I hope it’s something sharp,” I thought to myself, simultaneously hating her eye doctor for being so blind (or, worse, apathetic) to her fears, but also wishing I could offer a sitcom punchline that would lighten the mood long enough for me to go back to the other patient I had left waiting during all this. Like the woman, I was as frustrated that there was nothing I could do now; only a second opinion from an eye surgeon in Boston would make the next step clearer.
          Breathing out slowly in an attempt to regain her composure, the woman picked up a manila folder from the desk and wrapped her stethoscope around her neck. Her eyes still red from crying, she stood up to see the patient I had started presenting to her 10 minutes ago.

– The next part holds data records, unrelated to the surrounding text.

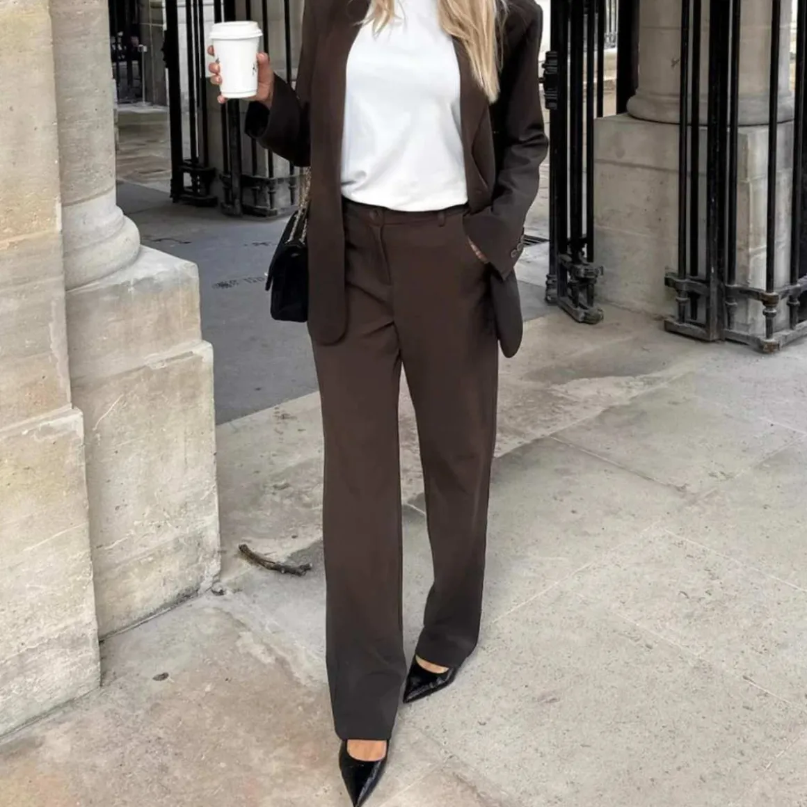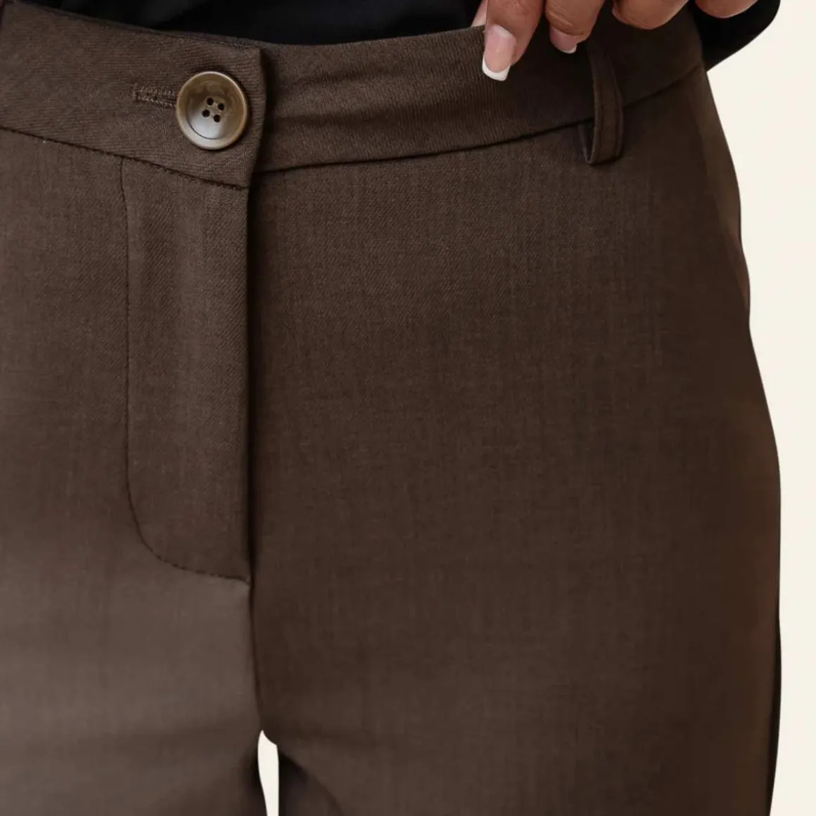 Et par klassiske mørkebrune bukser fra BYIC med et tidløst og allsidig design. De har en rett, litt vid passform og er laget av et mykt og komfortabelt stoff med et hint av stretch for uanstrengt bevegelsesfrihet. De er designet med beltehemper, sidelommer og to fuskelommer bak for en ren og polert finish. Den minimalistiske silhuetten gjør dem perfekte for både hverdagsbruk og mer formelle anledninger. Kombiner med en hvit t-skjorte for et avslappet antrekk, eller kombiner med en blazer for et sofistikert kontorantrekk.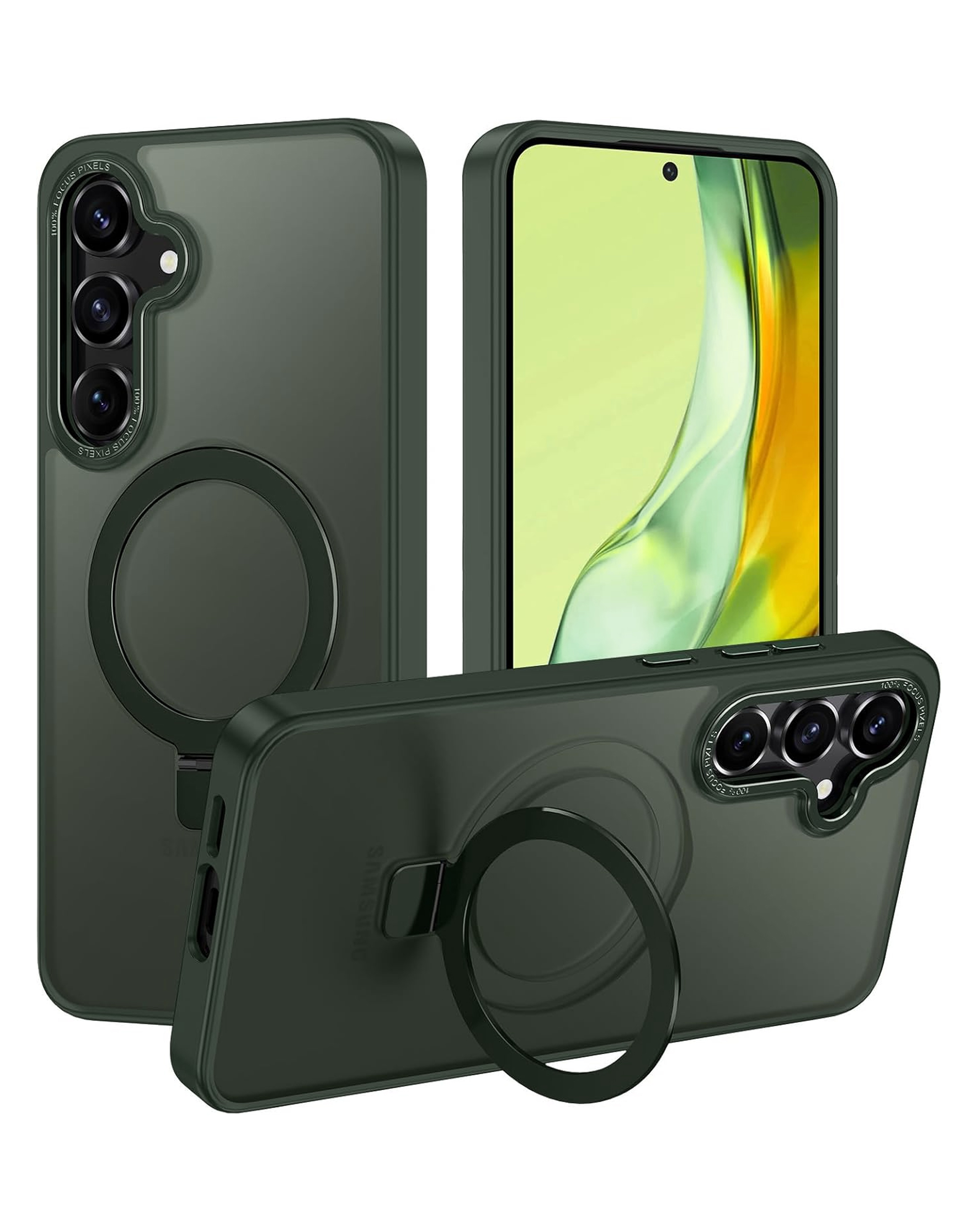 Carbon Wireless Charging Case with Ring Stand - GREEN for Galaxy S24 / S25 (Only Ground Shipping)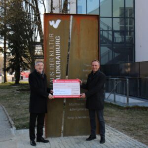 Übergabe eines Schecks über 10.000 Euro des Vereins an Ersten Bürgermeister Robert Pötzsch zur Finanzierung einer Informationstafel beim haus der Kultur |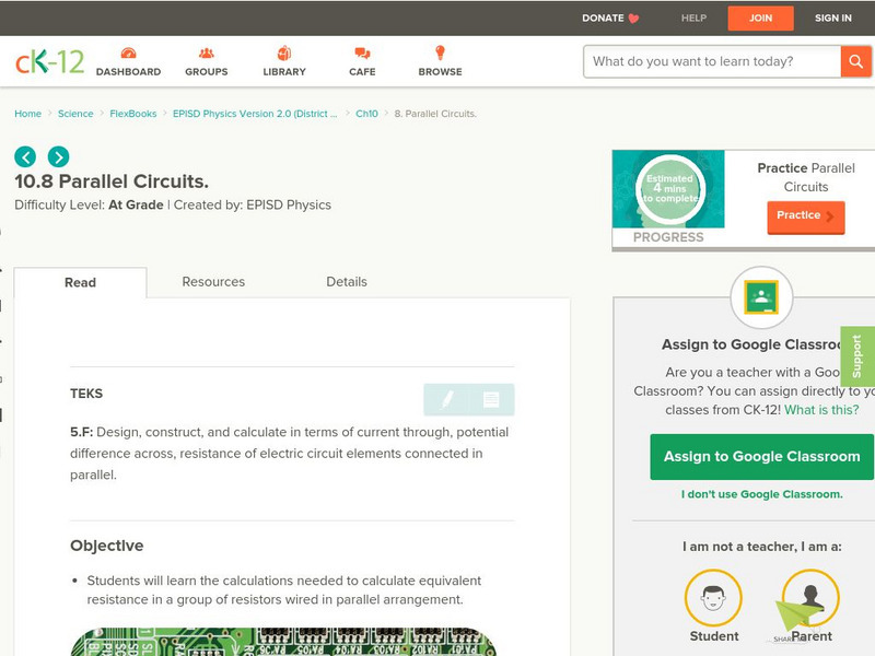 [Free Registration/Login may be required to access all resource tools.] In this lesson, students learn about parallel circuit design, and how to calculate equivalent resistance from resistors in a parallel circuit.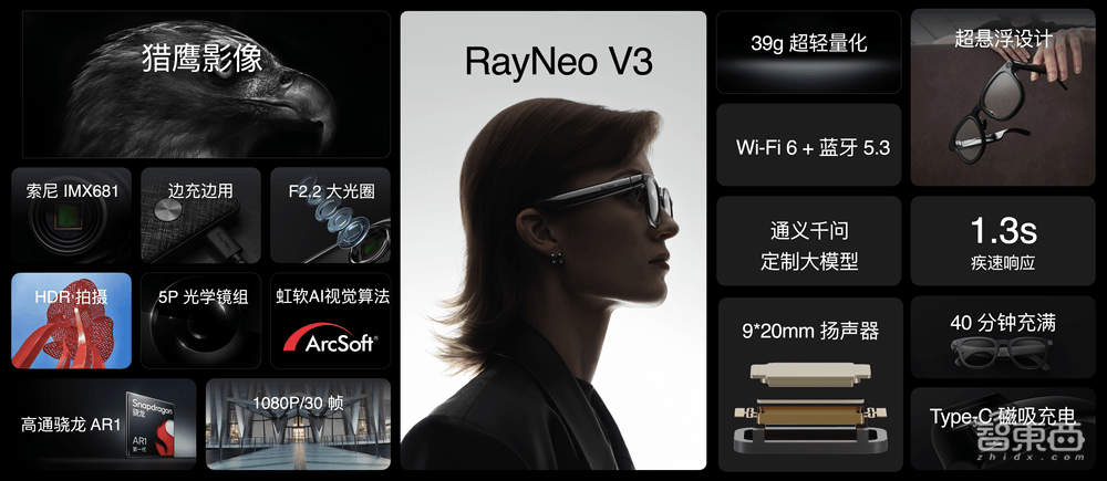 智東西1月7日報道,剛剛,雷鳥創(chuàng)新正式發(fā)布了雷鳥V3 AI拍攝眼鏡,其搭載了雷鳥和TCL聯(lián)合研發(fā)的獵鷹影像系統(tǒng)、通義千問獨家定制的大模型、第一代驍龍AR1旗艦XR芯片、AAC瑞聲科技定制揚聲器,定價1799元。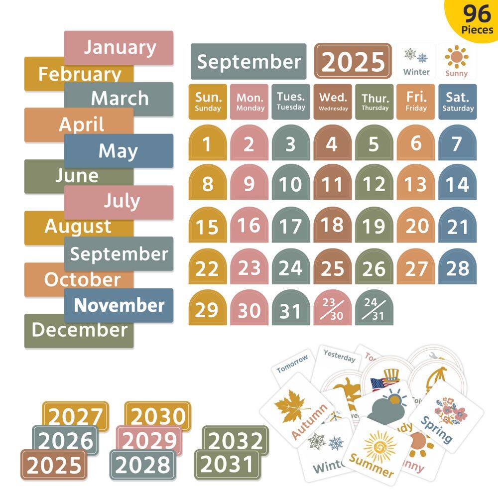 【Designed Specifically for Kids】The calendar pocket chart with 46 large clear pockets and 96 pieces boho style cards. through this calendar pocket chart, kids can learn about dates, weeks, months, years, seasons, holidays, and some activities. convenient for students and kids to view and learn.

I followed behind her silently, somewhat confused that I had seen my physician-mentor in the role of patient, but also impressed that she was literally (trying to) leave her personal life at the door.

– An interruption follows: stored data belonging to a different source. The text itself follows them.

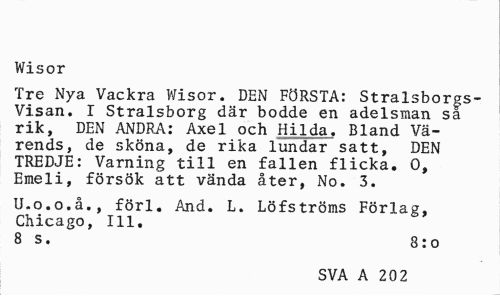 //// Wisor //// Tre Nya Vackra Wisor. DEN FÖRSTA: Stralsborgs-Visan. I Stralsborg där bodde en adelsman så rik, DEN ANDRA: Axel och Hilda. Bland Vä-rends, de sköna, de rika lundar satt, DEN TREDJE: Varning till en fallen flicka. 0, Emeli, försök att vända åter, No. 3. //// U.o.o.å., förl. And. L. Löfströms Förlag, Chicago, 111. //// 8 s. 8:o //// SVA A 202 ////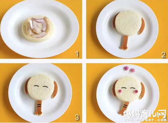2.再盖上一片用土司模具压出的圆形面包。将面包边做成大象的耳朵和鼻子。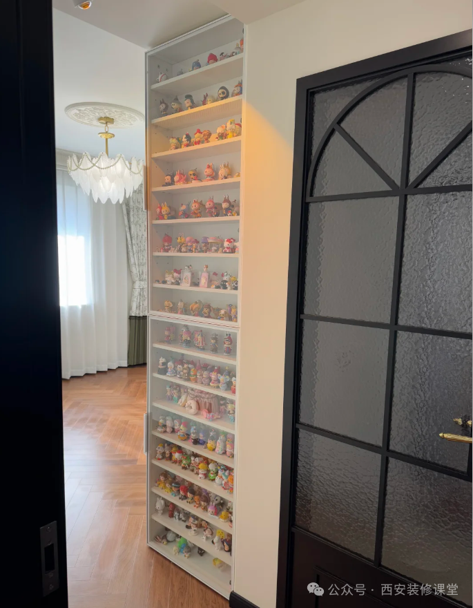 如果衣柜侧面无法与墙面颜色统一,采用侧面镂空手办展示架的形式,跳出颜色,延伸不同功能,也解决了侧板与墙面颜色不统一的问题了。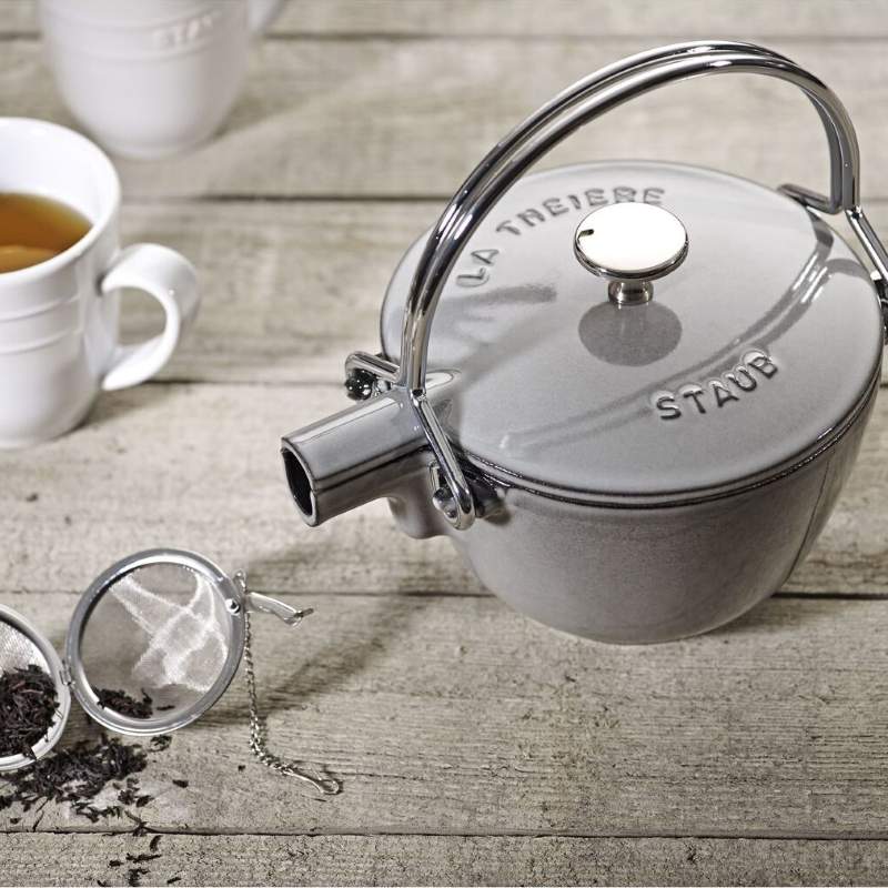 Для ідеальної чайної насолоди вода повинна швидко нагрітися, а потім довго залишатись теплою. У випадку чайника Staub це забезпечується винятковими здібностями чавуну: він дуже швидко поглинає тепло та рівномірно віддає його всередину. Чорне емальоване покриття усередині чайника дозволяє зберегти справжній смак чаю. У комплект до чайника входить ситечко для чаю, яке кріпиться до внутрішньої сторони кришки. Ручки з нержавіючої сталі не нагріваються і допомагають безпечно наливати напій, оскільки щільно закривають та утримують кришку.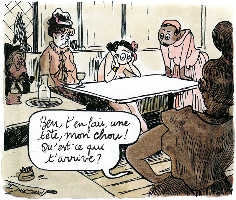 Dans Moderne Olympia (Meurisse • Futuropolis) Catherine Meurisse pastiche un tableau d'Edgar Degas, Dans un café dit aussi L'absinthe, sur une planche de sa BD. Ici, à côté d'Ellen André, on retrouve Olympia qui a pris la place de Marcellin Desboutin, et ce dernier est assis à la table voisine.

          She paused before knocking. “If it weren’t such a physical thing, maybe it wouldn’t affect me so much,” she said to the friend-colleague who had also followed us. “But every time I look in an ear, I have to think how I’m going to do it so I can see around my blind spot.”
          It’s an interesting dichotomy that we as physicians must look past our own shortcomings or biases yet pinpoint them in others. Failing to do this, or worse yet, failing to support the patient after problems have been discovered, is a particularly frustrating form of blindness. Though the myopic physician, overly focused on detail and not context, may be accurate, he is ignorant of what he fails to see, and his blindness instead presents a challenge to his patients. I knew that regardless of what happened to my physician-mentor’s eyesight, she would never be as blind as her ophthalmologist. Her dark eyes glistened from dying tears as she opened the exam room door and asked, “It’s nice to see you, Iris. How can I help you today?”